For this project, you can start with a spam/ham dataset, then predict the class of new documents (either withheld from the training dataset or from another source such as your own spam folder). One example corpus: https://spamassassin.apache.org/old/publiccorpus/
First we must download the tar files, then uncompress and extract from the archive. I used ham data from the “20021010_easy_ham.tar.bz2” file and spam data from the “20021010_spam.tar.bz2” file in the public corpus directory that was provided in the link above.
rm(list = ls())
# assign spam/ham data from urls
spam_link <- "https://spamassassin.apache.org/old/publiccorpus/20021010_spam.tar.bz2"

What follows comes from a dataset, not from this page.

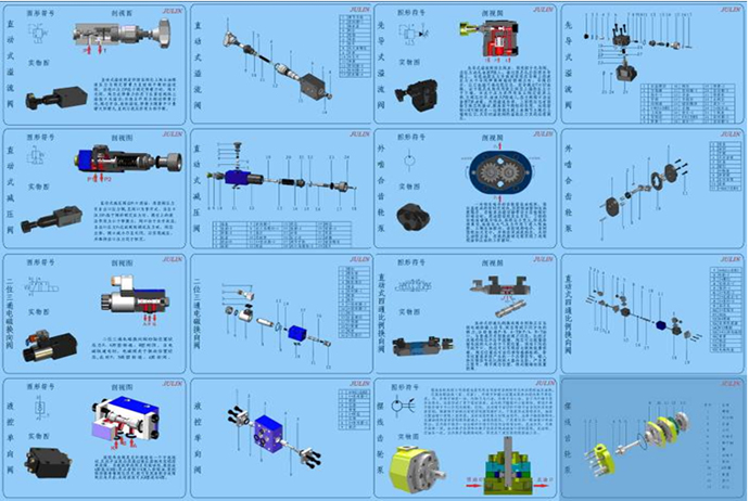 5、軟件: 智能化數據采集液壓實驗臺 智能型液壓綜合實驗裝置配有 3 套軟件,分別為: 1 套數據采集系統軟件、和 1 套液壓仿真教學軟件、 1 套組態液壓回路通訊控制軟件;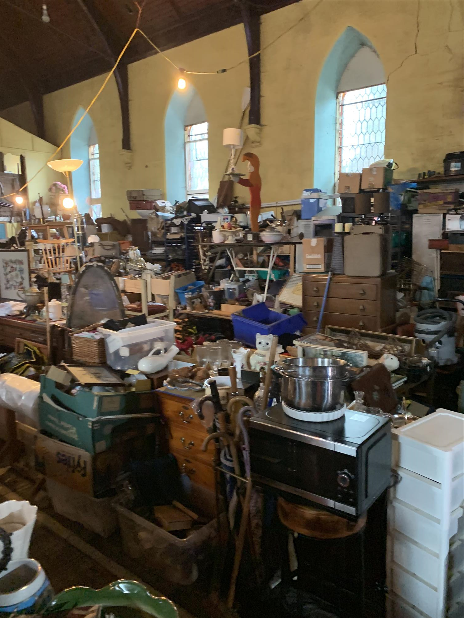 The main showroom area affords extensive display space for a stunning and eclectic range of antique, vintage and retro goods and affords staircase access to a large, former choir-stall MEZZANINE LEVEL employed for storage purposes.

ham_link <- "https://spamassassin.apache.org/old/publiccorpus/20021010_easy_ham.tar.bz2"
# download spam_link and save as spam_tar
# first assign the basename of the file path for the spam link tar file
spam_tar <- basename(spam_link)
download.file(spam_link, spam_tar)
untar(spam_tar, exdir="spamham_folder")
# download ham_link and save as ham_tar
ham_tar <- basename(ham_link)
download.file(ham_link, ham_tar)
untar(ham_tar, exdir="spamham_folder")This code processes email data by reading spam and ham emails from their respective directories, labeling them, combining them into a single dataset, and shuffling the rows for randomness.
ham_path <- "./spamham_folder/easy_ham/"
spam_path <- "./spamham_folder/spam/"
#define a function which takes a file path and a tag (to indicate spam or ham) as parameters
spamham_func <- function(path, tag) {
#unlist all the emails into a vector (each element is one email)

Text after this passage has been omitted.